AWS Quantum Technologies Blog
Applying classical benchmarking methodologies to create a principled quantum benchmark suite
In this post, we will discuss the current landscape of quantum benchmarking and introduce SupermarQ, Super.tech’s suite of application-based benchmarks designed to overcome the limitations of existing approaches. SupermarQ uses Amazon Braket for device-agnostic access to gate-based quantum processing units (QPUs), so benchmarks can highlight the heterogeneity of quantum computers and their various strengths in the Noisy Intermediate-Scale Quantum (NISQ) era and beyond.
Benchmarking: past and present
Creating benchmarks is a foundational aspect of the computing industry, as the emergence of new architectures requires new ways to measure and define performance.
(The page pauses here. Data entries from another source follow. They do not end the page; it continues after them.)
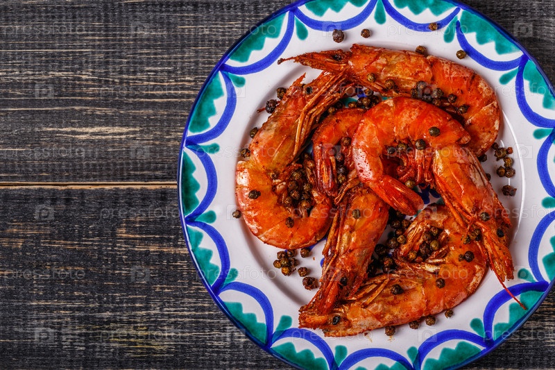 Креветки на гриле с зеленым перцем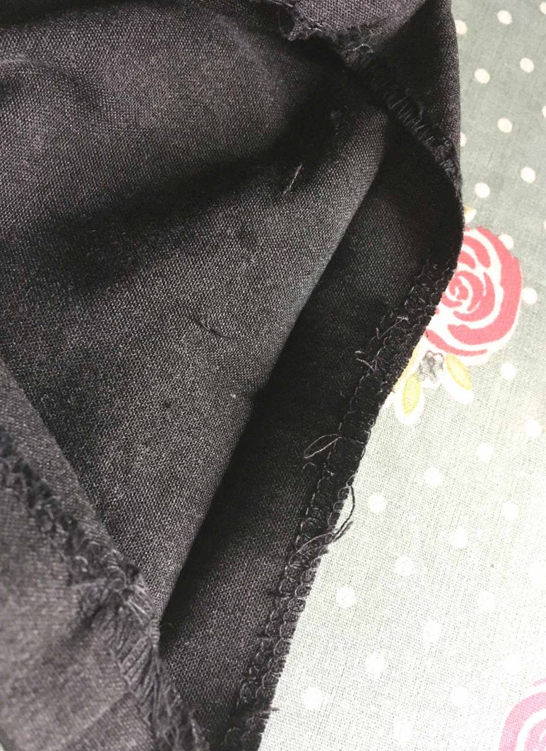 Now the important bit – don’t skimp on the sewing!  Follow up with a line of running stitch sewn all round the edge of the patch, or at the very least down each vertical side of the patch in a closely matching thread colour to the garment..  Turn the trousers to the right side and clip away any long threads from the front of the actual tear and if there are any loose fabric flaps, iron them down and then make a few small running stitches over them to secure.  Once the garment is ironed from the top side, the stitching should barely show and will ensure your patch stays in place permanently through washing, tumble drying and the antics of the playground.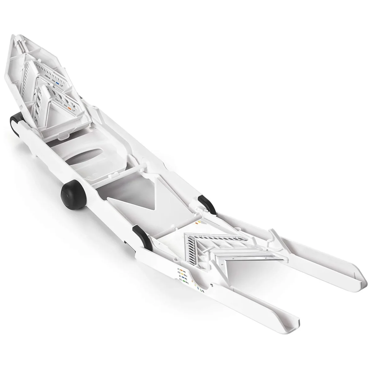 Compacte et pratique, la mandoline se verrouille et ses pieds se replient pour un rangement sécurisé.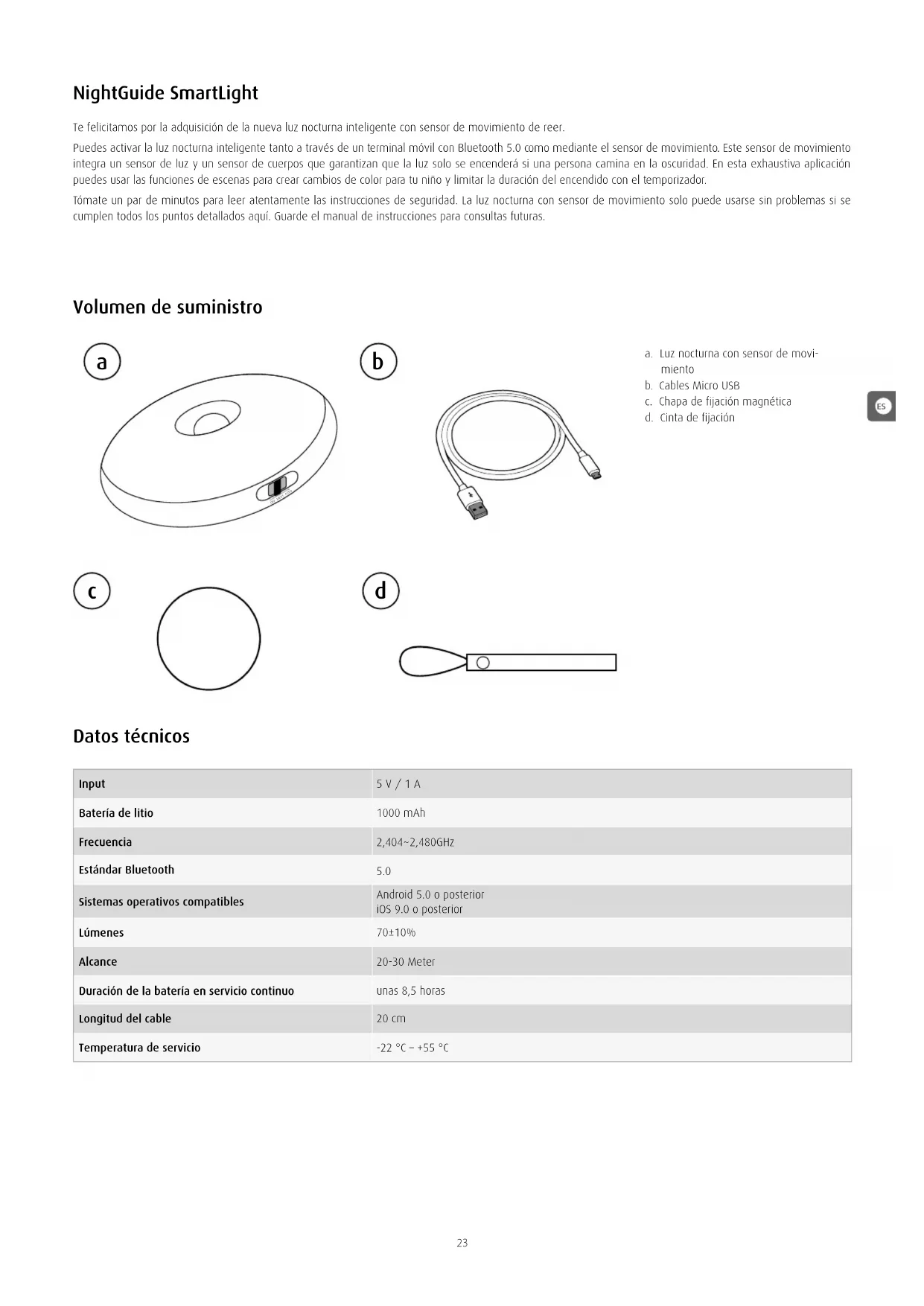 Sistemas operativos compatibles Android 5.0 o posterior iOS 9.0 o posterior Lúmenes 70±10% Alcance 20-30 Meter Duración de la batería en servicio continuo unas 8,5 horas Longitud del cable 20 cm Temperatura de servicio -22 °C – +55 °C Datos técnicos NightGuide SmartLight Te felicitamos por la adquisición de la nueva luz nocturna inteligente con sensor de movimiento de reer. Puedes activar la luz nocturna inteligente tanto a través de un terminal móvil con Bluetooth 5.0 como mediante el sensor de movimiento. Este sensor de movimiento integra un sensor de luz y un sensor de cuerpos que garantizan que la luz solo se encenderá si una persona camina en la oscuridad. En esta exhaustiva aplicación puedes usar las funciones de escenas para crear cambios de color para tu niño y limitar la duración del encendido con el temporizador. Tómate un par de minutos para leer atentamente las instrucciones de seguridad. La luz nocturna con sensor de movimiento solo puede usarse sin problemas si se cumplen todos los puntos detallados aquí. Guarde el manual de instrucciones para consultas futuras. Volumen de suministro a. Luz nocturna con sensor de movi- miento b. Cables Micro USB c. Chapa de fijación magnética d. Cinta de fijación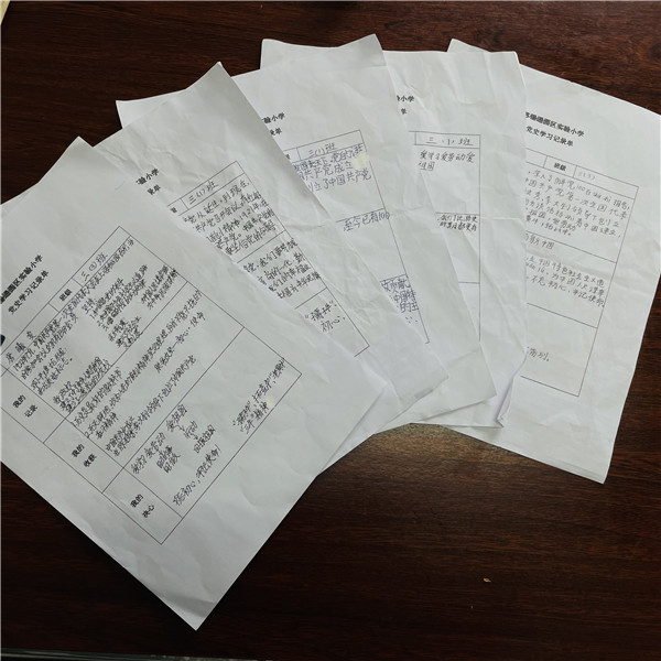 习总书记说:“我们党的一百年,是矢志践行初心使命的一百年,是筚路蓝缕奠基立业的一百年,是创造辉煌开辟未来的一百年。现在,我们比历史上任何时期都更接近中华民族伟大复兴的目标,比历史上任何时期都更有信心、有能力实现这个目标。”中国共产党领导人民建立新政权,建立社会主义制度,坚持走中国特色的社会主义道路,课堂中少先队员们神情专注,认真记录,看到新中国取得的辉煌成就,报以热烈而持久的掌声,他们争先恐后地抢答,聚精会神地书写自己的体悟和决心,表达了对党的敬佩,诉说着“没有共产党就没有新中国”,更立志“好好学习、天天向上”,做爱学习、爱劳动、爱祖国的共产主义接班人。

Looking back, the growth of computing in the 1970s and 1980s led to the creation of LINPACK and SPEC for benchmarking supercomputers and workstations [1][2]. The PARSEC benchmark suite was introduced in response to the proliferation of chip multiprocessors [3], and the explosion of machine learning applications led to the creation of MLPerf to benchmark performance between different models [4]. With the introduction of various quantum computing architectures, new benchmarks must be developed and tailored to these systems.
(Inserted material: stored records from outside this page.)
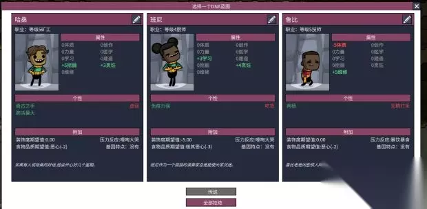 点开之后会有三个人让你选择但是只能选一个剩下的两个不能选而且不想刚开始那样可以随机了属性都是固定的,所以你要仔细考虑需要什么属性的小人。如果全部都不想要的话最下角有一个全部拒绝按钮。这里我们选择第一个。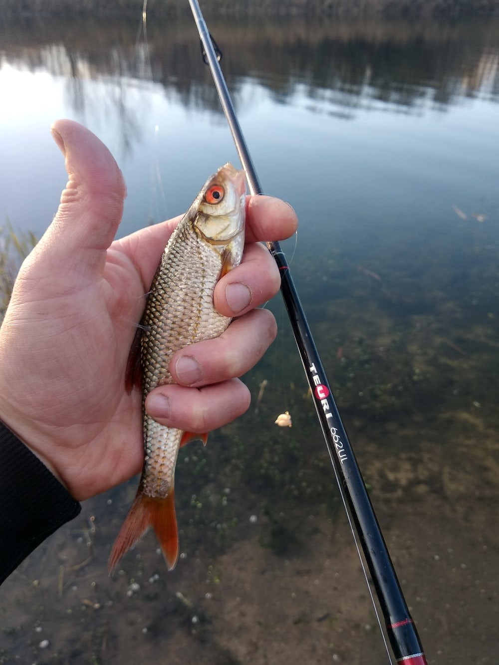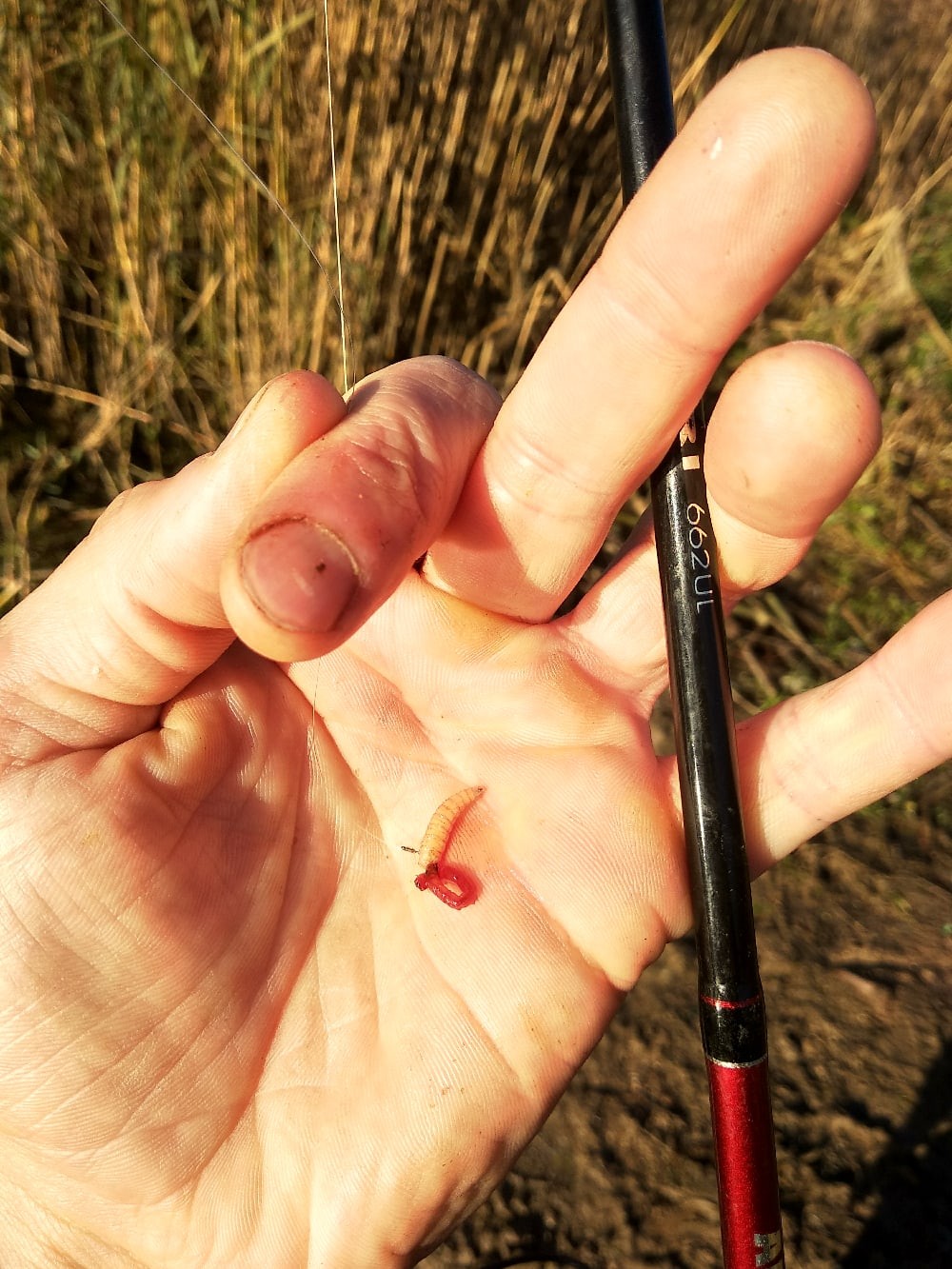 Ну я не долго думая, собрал всё необходимое, купил пару банок опарыша, мотыля чуток на всякий пожарный, и через пару часов уже возле ГРЭС. Связал "уклеечный" вариант отводного поводка, зарядил ультралайтовую палочку, поставил новую плетёнку Teuri X9 #0.4. Сам поводок, точнее несколько разных вариантов, связал из флюорокарбона 0.11 - 0.13 на крючках номер 16 - 18. Грузик весом 3 грамма, на крючок два опарыша... И погнал прочесывать акваторию. Был там впервые, поэтому где надо искать искомый объект, представлялось достаточно смутно. Поэтому начал от начала канала, где он вытекает из озера, и двигался вниз по течению...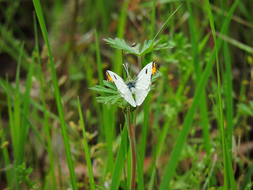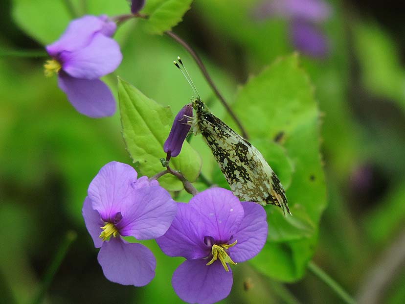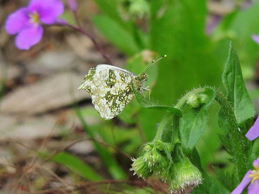 4月11日 林道の入り口付近に ツマキチョウ が居ました。 この ツマキチョウ は、飛び続けることはなく、近くの花に移動していました。

You may have faced a challenge when deciding on which QPU to run your application because the quantum industry has yet to adopt a de facto benchmark. Many attempts to describe quantum devices focus on metrics that are unrepresentative of holistic performance for real applications. Examples include (a) measurements of individual gate errors, qubit coherence times, or other low-level hardware properties, and (b) synthetic benchmarks that use random circuits to gauge hardware performance. While understanding the properties of individual gate operations is a critical component of a quantum computing (QC) system, it does not represent performance on applications. Similarly, synthetic benchmarks, while useful for providing insights into the theoretical computational power of a device [5], are also limited in their scalability and similarity to real-world applications. Typical quantum applications do not generally take the form of random quantum circuits, so they are not necessarily representative of useful workloads [6]. In addition, the computation required to verify the output of these benchmarks becomes intractable as the number of qubits increases.
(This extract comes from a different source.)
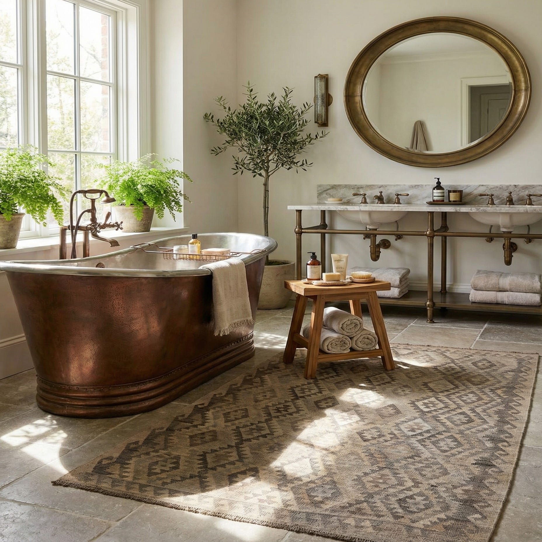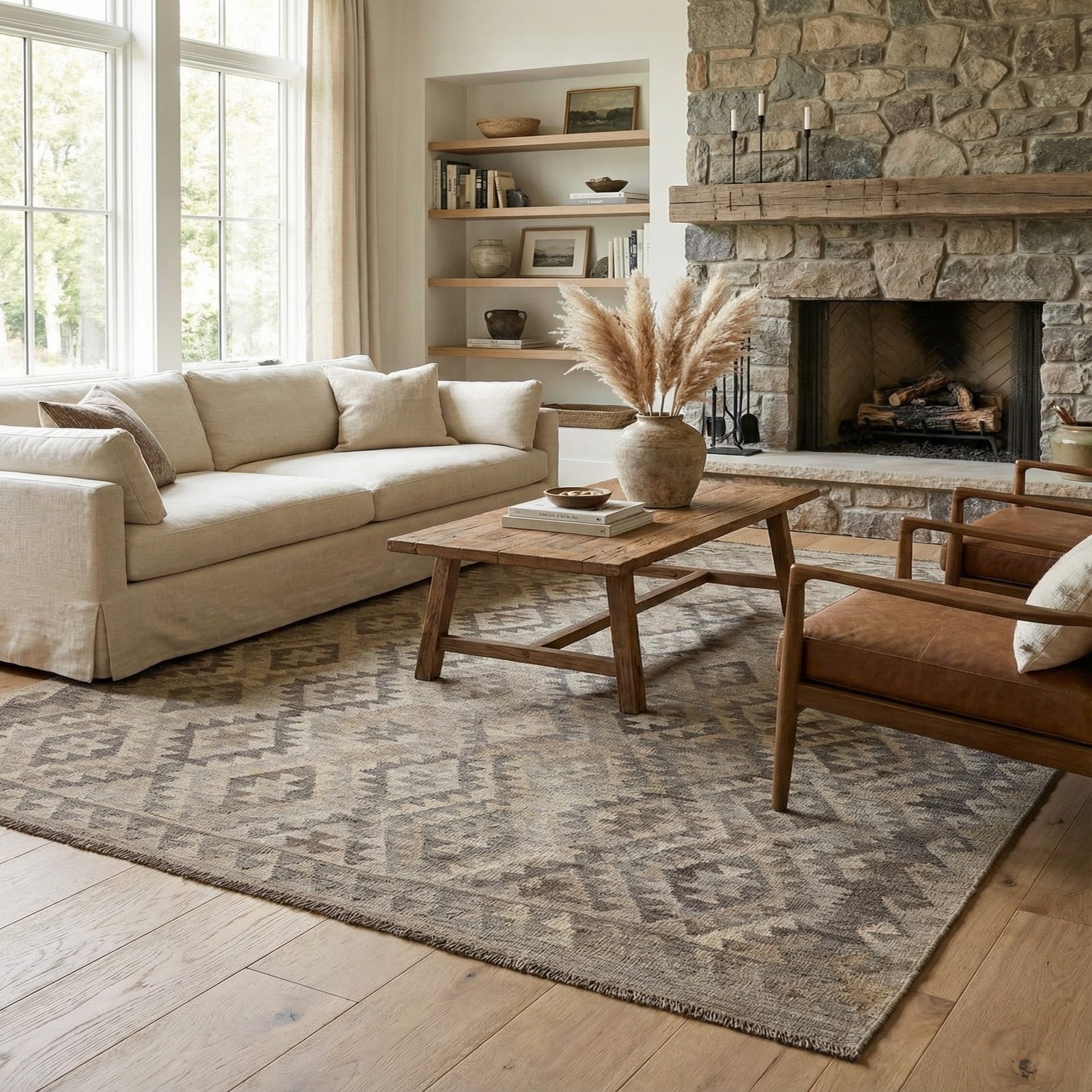 5' 3 x 6' 11 Hand Woven Kilim Maymana Wool Rug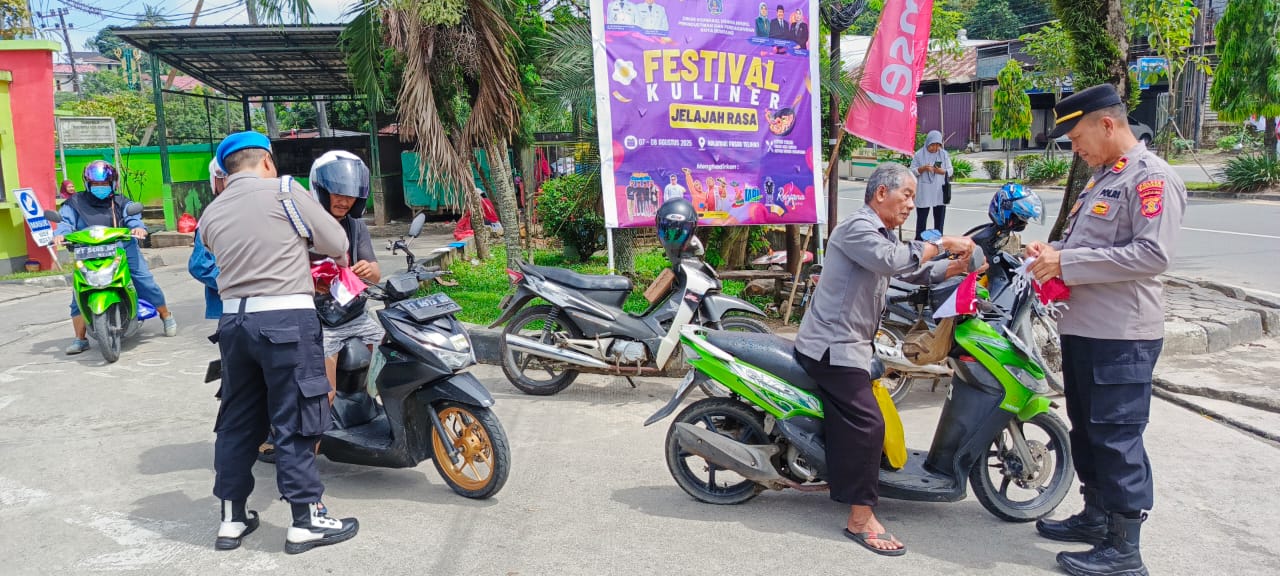 Menyambut Hari Ulang Tahun ke-80 Kemerdekaan Republik Indonesia, Polsek Bontang Barat menggelar aksi pembagian Bendera Merah Putih kepada masyarakat, Kamis (7/8/2025) pagi.

Finally, capturing the general performance of a computational system within a single number can be very challenging and can lead to unintended consequences. For instance, in the history of classical benchmarking, there have been examples of compilers and microarchitectures that were optimized for scoring well on a specific benchmark but neglected functionality outside the scope of what was being tested [7]. Creating quantum computers that are effective at solving real-world problems is key to moving quantum computers out of the laboratory and into industry.
The case for application benchmarks
Benchmarks at the application-level provide a characterization of system performance with regard to a specific application. This is a more applicable cross-platform comparison to use cases than those at the circuit and gate level. Thanks to performance measurements at the application-level, such as ground state energy or approximation ratio, application benchmarks make cross-platform comparisons between different quantum architectures and classical approaches more straightforward. This is an important attribute, since the crossover point between the best classical and quantum approaches shifts with every advance in algorithms, software, and hardware. Certain application benchmarks also have a level of scalability not present in benchmarks that rely on circuit simulation or other exponentially scaling classical computations to obtain the ideal output. When well designed, these particular applications are efficiently verifiable by classical computers, even at high qubit counts. For example, when applying an error correcting code, the input and output states are identical (in an ideal, noiseless scenario) and therefore the fidelity of the execution can be measured without requiring expensive circuit simulation.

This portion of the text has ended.